> **Assigned task**: Repeat the listing below word for word, minus the pictures.

> **Information supplied**:
┄┄┄┄┄┄┄┄┄┄┄┄┄┄┄┄┄┄┄┄
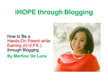 Martine De Luna was the speaker for #iHOPE through Blogging. Martine is an award-winning blogger, a work-at-home advocate, and a creative blogging mentor. She also offers digital strategy on community building, blog branding, and social media on her professional site, Martinedeluna.com. She lives in Manila, Philippines, with her husband Ton and her son Vito, whom she homeschools, and her daughter Krista, whom she breastfeeds.
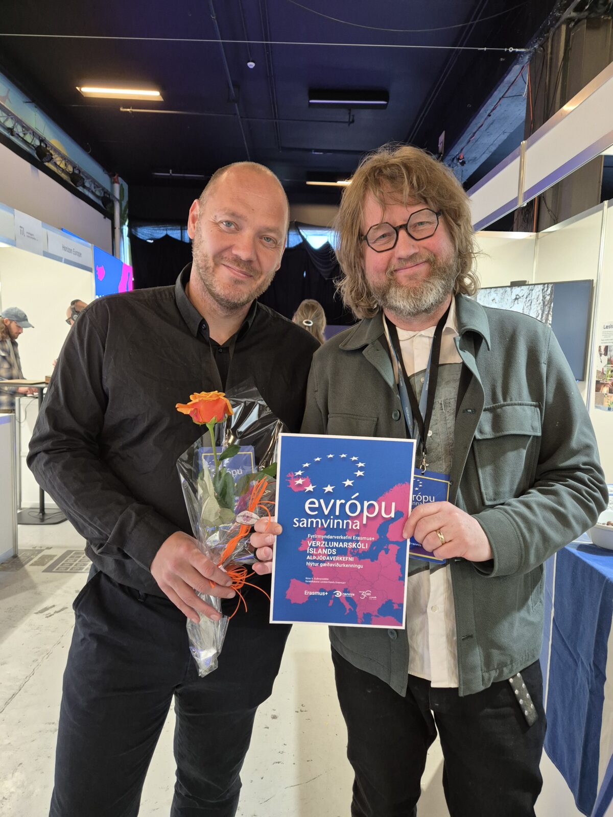 10.05.2024 Verzlunarskólinn hlaut viðurkenningu fyrir Erasmus+ verkefni Miðvikudaginn 8. maí tók Verzlunarskólinn þátt í viðburðinum Evrópusamvinna í 30 ár – Uppskeruhátíð Evrópuverkefna í Kolaportinu. Fyrir viðburðinum stóðu RANNÍS og Evrópusambandið á Íslandi. Verzlunarskólinn fékk þar viðurkenningu fyrir framúrskarandi Erasmus+ verkefni. Skólinn kynnti starf sitt með ótrúlega fjölbreyttum hópi aðila af öllum skólastigum og mörgum stofnunum og verkefnum úr óformlega geiranum, t.d. Læti (áður Stelpur rokka) og Pieta samtökin. Greinilegt var af þeirri miklu grósku sem þarna var að sjá að Evrópusamstarfið hefur skilað Íslandi miklu og það er okkur í Versló mikill heiður að vera áfram hluti af þessu mikilvæga mennta- þróunarstarfi sem er fjármagnað og stutt af Erasmus+ áætlun Evrópusambandsins.
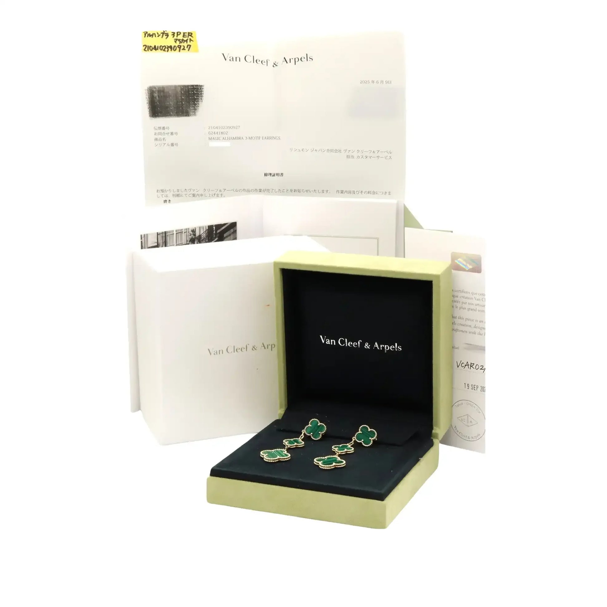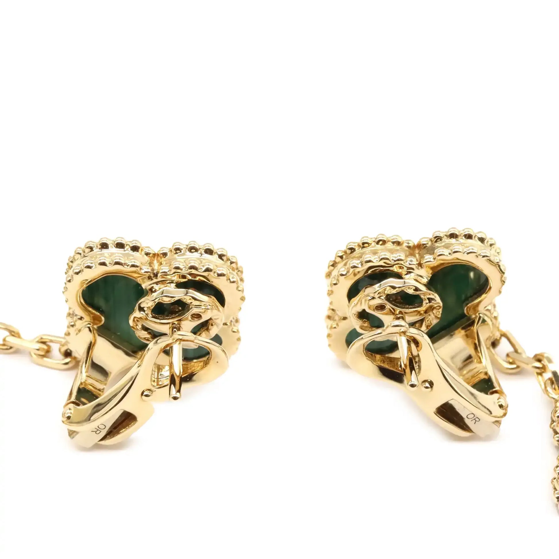 Van Cleef and Arpels 18K Yellow Gold and Malachite Magic Alhambra 3 Motif Earrings
┄┄┄┄┄┄┄┄┄┄┄┄┄┄┄┄┄┄┄┄
> **Answer box**:
 Martine De Luna was the speaker for #iHOPE through Blogging. Martine is an award-winning blogger, a work-at-home advocate, and a creative blogging mentor. She also offers digital strategy on community building, blog branding, and social media on her professional site, Martinedeluna.com. She lives in Manila, Philippines, with her husband Ton and her son Vito, whom she homeschools, and her daughter Krista, whom she breastfeeds.
 10.05.2024 Verzlunarskólinn hlaut viðurkenningu fyrir Erasmus+ verkefni Miðvikudaginn 8. maí tók Verzlunarskólinn þátt í viðburðinum Evrópusamvinna í 30 ár – Uppskeruhátíð Evrópuverkefna í Kolaportinu. Fyrir viðburðinum stóðu RANNÍS og Evrópusambandið á Íslandi. Verzlunarskólinn fékk þar viðurkenningu fyrir framúrskarandi Erasmus+ verkefni. Skólinn kynnti starf sitt með ótrúlega fjölbreyttum hópi aðila af öllum skólastigum og mörgum stofnunum og verkefnum úr óformlega geiranum, t.d. Læti (áður Stelpur rokka) og Pieta samtökin. Greinilegt var af þeirri miklu grósku sem þarna var að sjá að Evrópusamstarfið hefur skilað Íslandi miklu og það er okkur í Versló mikill heiður að vera áfram hluti af þessu mikilvæga mennta- þróunarstarfi sem er fjármagnað og stutt af Erasmus+ áætlun Evrópusambandsins.
 Van Cleef and Arpels 18K Yellow Gold and Malachite Magic Alhambra 3 Motif Earrings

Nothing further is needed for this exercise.